Placing the consumer at the centre of the financial services universe will ensure the provision of advice is affordable and stop the industry from shrinking, according to Connect Financial Service Brokers.
Paul Tynan, chief executive of the financial services merger consultancy firm, said two decades of regulatory change had meant the Australian financial services sector had reached a precipice and desperately needed a new way of thinking about reform.
To avoid a further decline in advisers and to provide consumers with more affordable advice, financial advice needed to “move down the path of removing power away from super funds, lawyers, institutions and putting it the hands of the consumer”.
Tynan suggested an advice model comprising three levels:
- Consumer information that was non-specific and did not focus on products.

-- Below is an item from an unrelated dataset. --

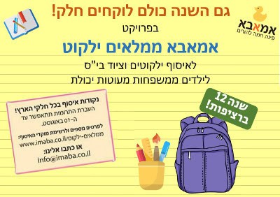צרו איתנו קשר ויחד נשמח את הילדים לקראת שנת הלימודים החדשה. אנו נשתדל להשלים את תכולת הילקוטים והקלמרים במחברות, עפרונות, מחקים, מחדדים וכד' ונעביר את הציוד באופן אישי לילדים הנזקקים. המטרה שלנו: לשמח 2,000 ילדים לקראת שנת הלימודים הבאה! חברים/ות, שיתוף הפעולה שלכם הכרחי להצלחת המבצע! לרשימת נקודות איסוף הילקוטים – לחצו כאן… לפרטים נוספים, להצעות, רעיונות וכל דבר אחר – נא לפנות www.imaba.co.il/bags-contact או [email protected]

- Proprietary advice focused on product and service, including superannuation, robo-advice, life insurance, finance, etc
- Personal advice, including holistic independent advice that was not product focused.
“While they share similarities, they differ in the types of service they offer and the remuneration rates at which they offer them,” he said.

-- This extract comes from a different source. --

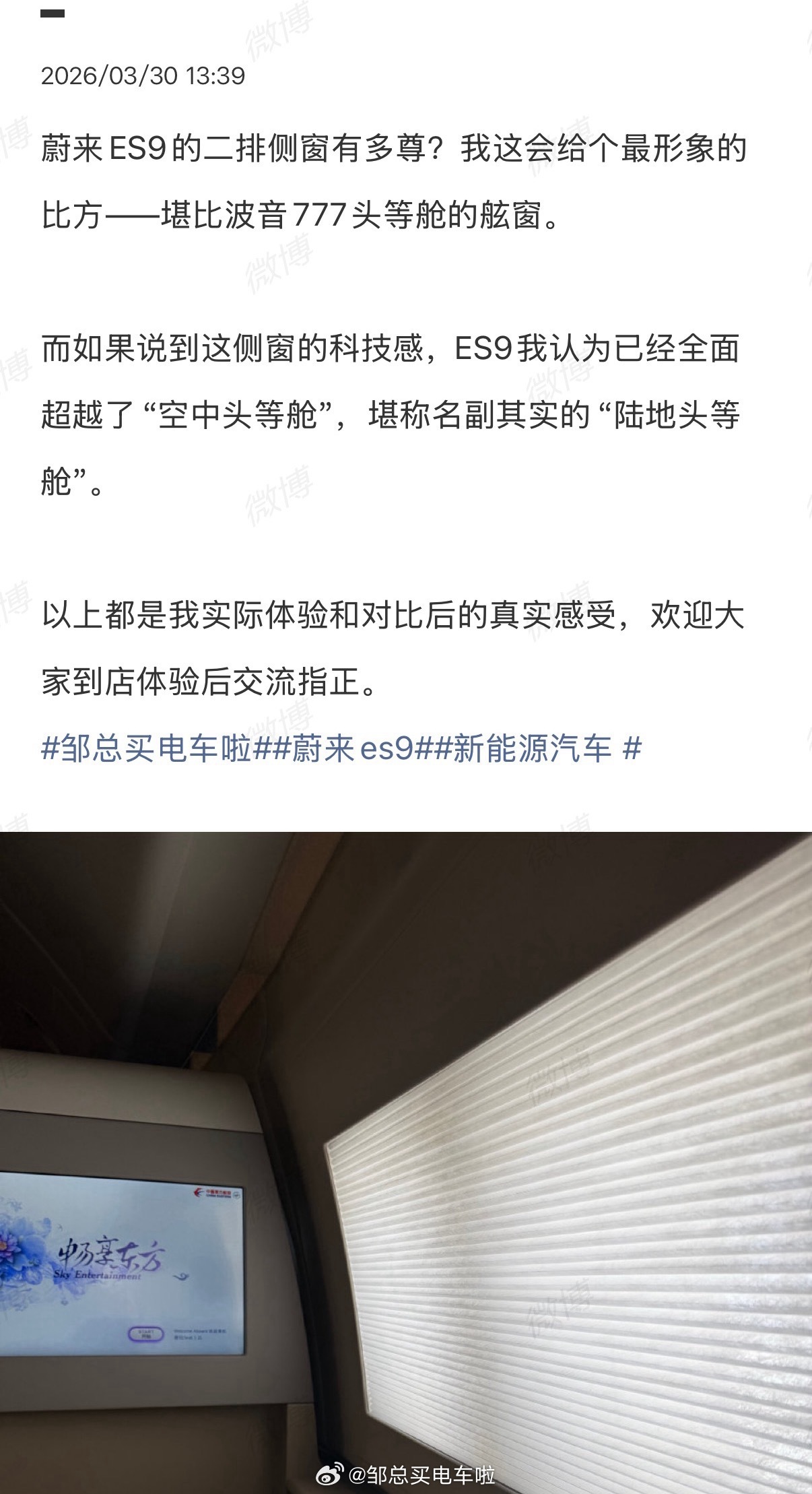 我那天看车回来还发了条微博,就提到蔚来ES9二排侧窗很“尊”,堪比甚至超越波音777头等舱,毋庸置疑这里面肯定就包括了“隐私体验”。

“Proprietary and personal advice operate on the principals that the adviser has a fiduciary duty to act in the best interest of the client.”
Tynan said his suggested advice framework would be focused on scalability and adapting to technology.
“In Australia we need to improve the accessibility and affordability of financial advice, and this can only be achieved by increasing the scalability through the new advice framework and cutting the over regulation of the industry,” Tynan said.
“Scale is essential, and an immediate benefit will be the ability for advice practices to grow, streamline operational/administrative/compliance operations and activities; reduce costs and encourage new entrants to join the advice industry.
“Australia needs a 21st Century regulatory regime to oversee and guide the new framework of face-to-face advice underpinned by advances in technology.”
He also said the advice industry needed to better engage with consumers through digital media platforms and that financial literacy courses should be made compulsory for standings in years 10 to 12.
“The solution is simple…the sooner politicians adopt a bi-partisan approach and vocal lobby groups put self-interest aside, the sooner all stakeholders will find the courage and wisdom to restructure financial services with purpose, for growth and success,” Tynan said.
Tynan’s framework recommended:
- The Government commit to no retrospectivity in legalisation, regulations, or education;
- Advice be moved out of the Corporation Act;
- Higher education standards be introduced;
- The introduction of full advice fee disclosure where clients could opt out;
- The removal of Statements of Advice – “client communication should be clear, concise, and in an effective format the consumer can understand”;
- The industry move to an individual advice licencing regime;
- The advice profession be based on fiduciary duty to act in the best interest of the client; and
- Product advice and strategy advice be separated.